Plus, today, I put on my first size 4 pair of dress pants ever. If you are a guy, this may not seem like a big deal, but I've been a steady size 6 for years. My first year of undergrad, since I wasn't swimming or working out that much, I had to bump up to size 8 (EEEEEEK) which was a huge wake up call. Rewind to 4 years earlier - I joined the track team my freshman year of high school and started off as a sprinter because I couldn't run longer distances if my life depended on it - despite being a really good athlete otherwise (swimming, softball, and volleyball). As high school went on, I "graduated" from the 100 to the 200... to the 400... to the 800... and then I actually graduated, so I stopped at the 800. The turning point was one track sprinting workout where I outlasted all our best sprinters - obviously I wasn't as fast, but I had the endurance that they lacked. Coach "encouraged" me to try the 800 and I did much better at the longer distance than the sprint. My favorite workouts began to be the "LSD" runs - Long, Slow, Distance.

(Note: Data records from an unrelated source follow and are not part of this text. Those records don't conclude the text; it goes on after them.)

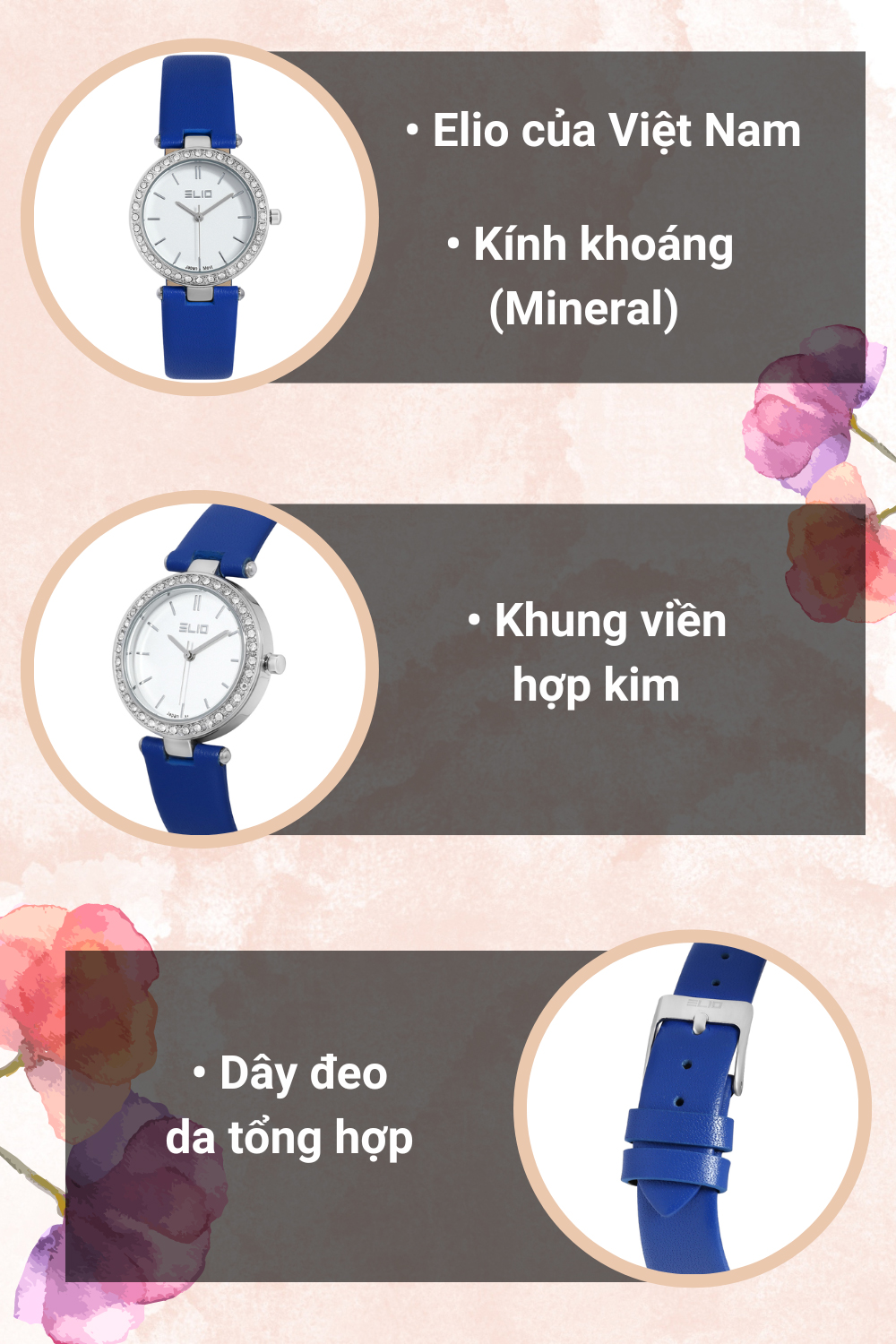 - Đồng hồ Elio với kiểu dáng, mẫu mã năng động, trẻ trung phù hợp với mọi lứa tuổi, đồng thời đồng hồ Elio còn mang vẻ đẹp sang trọng, lịch lãm. Đặc biệt đồng hồ Elio còn sử dụng bộ máy của Nhật Bản với chất lượng và độ bền cao.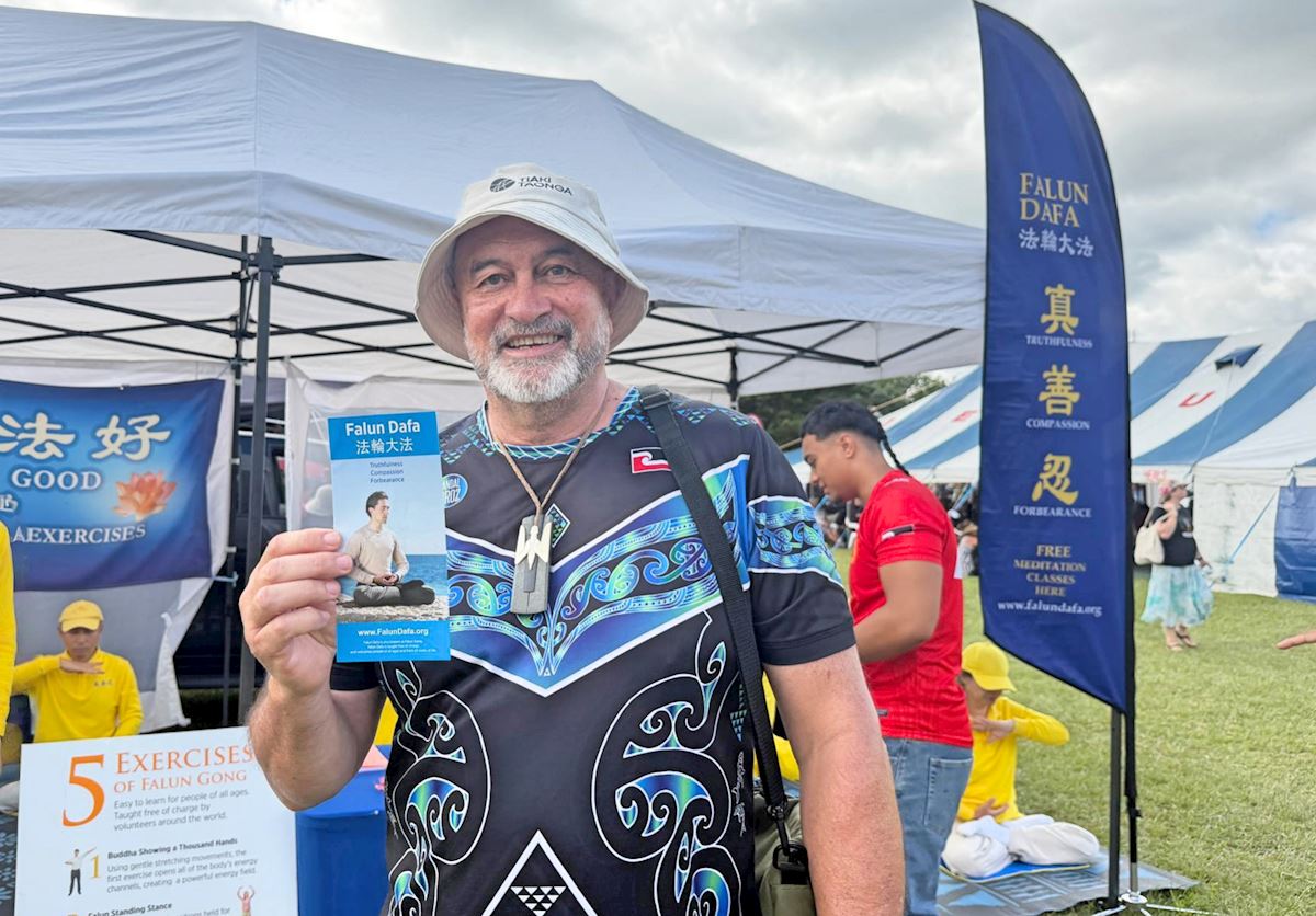 來自新西蘭查塔姆群島(Chatham Island)的毛利律師毛伊﹒所羅門(Maui Solomon)在展位前停留良久。他表示,自己近一年來開始接觸冥想,希望通過向內的修煉,重新認識自我,與世界建立更和睦的關係。他表示他想學習法輪功,並諮詢了在網上自學的方法。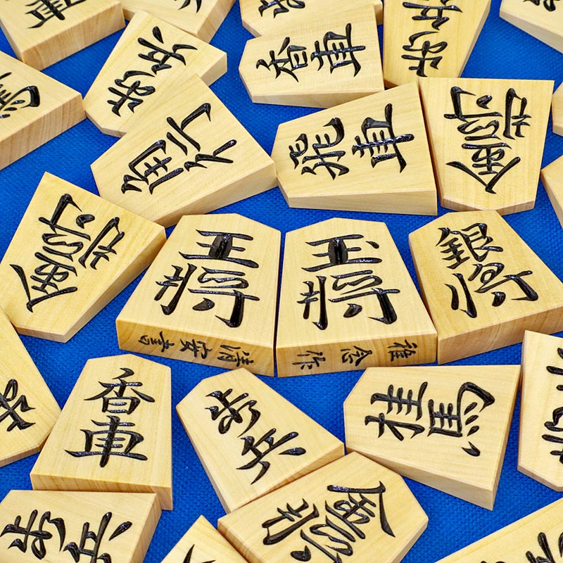 将棋駒 稚念作 御蔵島産本黄楊特上彫駒 清安書 面取り加工 ※桐平箱付き

Anyway - when I gained that nasty freshman 15, I decided to take up running again and fell in love with distance running. And I haven't looked back. I love love love half-marathons and while I enjoyed my first marathon, I'd like to do more before saying I'm in love with the 26.2 miles :)

Moral of the story - after I finish the 90 days of P90X, I'm going to use those workouts as cross training for running and swimming. If you want to get in shape and not leave the comfort of your home, P90X is pretty awesome. I'm not doing the diet, but I'm eating relatively healthier. Last night, we got BBQ at this awesome place in Urbana and I usually get the massive combo meal with pulled pork, 4 ribs, and 2 sides (mashed potato casserole and sweet potato fries) - I do end up taking leftovers home... usually... But last night, I tried the portabella mushroom burger with pesto and fresh goat cheese from the local goat farm (that I volunteered at briefly) with the side of sweet potato fries. So, I'm still eating the foods that I love, just not in the massive quantities that I do when I'm in heavier training!

Also, a friend of mine from school wants to do a triathlon, so he asked if I'd help him with his stroke - an excuse to get in the pool? Yes please. I'm SO excited to have a swim buddy!